I have a basic question.

Generally, using placement new, we could construct the object on the preallocated memory.

Say for an example: My_CLass size is 20 Bytes and want to create a pool for 5 objects. So 5*20 => 100 bytes have been allocated and the starting address of the pool is 0x1234

Now, using placement new, i have placed 3 object in the memory pool.

My question is,

  1. Having that starting address 0x1234, Is there anyway to find the number of valid objects in the pool?

  2. If i destroy the second object, how system knows the next object to be created in the second position and so on?


Solution

  • For this discussion, the word "pool" is used to mean some kind of pre-allocated memory supposed to hold a set of objects of some particular kind (could be all one class, or different classes, related or unrelated)

    1. Maybe. It all depends on how the pool itself is designed and implemented.

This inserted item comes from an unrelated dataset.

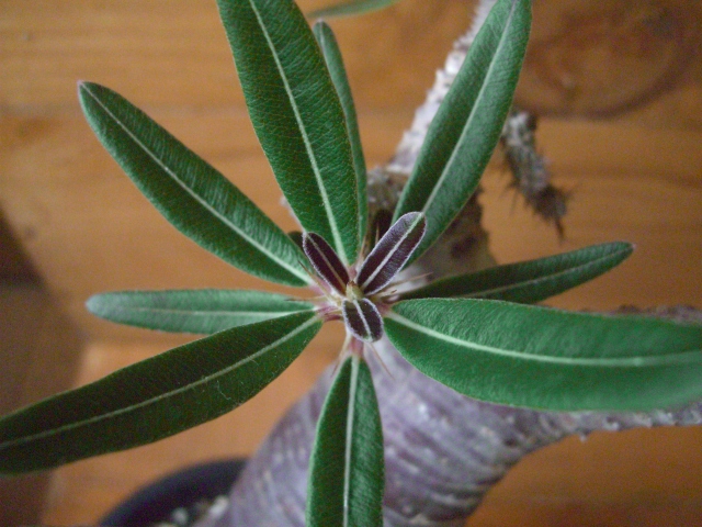 成長点の様子。古い葉の中から新しい葉が出てきてます。

    2. The pool, assuming a correct and working implementation that supports this sort of operation, will keep track of where free space is located, how big it is, etc.

      The way this often works is that there is a pointer stored in the pool's metadata (in other words, the data about the pool itself, where it is known what size the pool is, how many elements are allocated, etc), which is the head of a linked list of free elements in the pool. This is just ONE solution, but it's a fairly common one.

    Note that there is absolutely no difference between this case and regular new allocating from the heap, except that if you have a specific pool that has the ability to track the number of elements in the pool, which the normal heap won't allow you to do directly (you can most perhaps find out how many allocations there are in total, but that would be anything from file-buffer allocations and dynamic strings to objects of type X, type Y - the heap itself doesn't track what the purpose of a particular allocation is, that's "someone else's problem").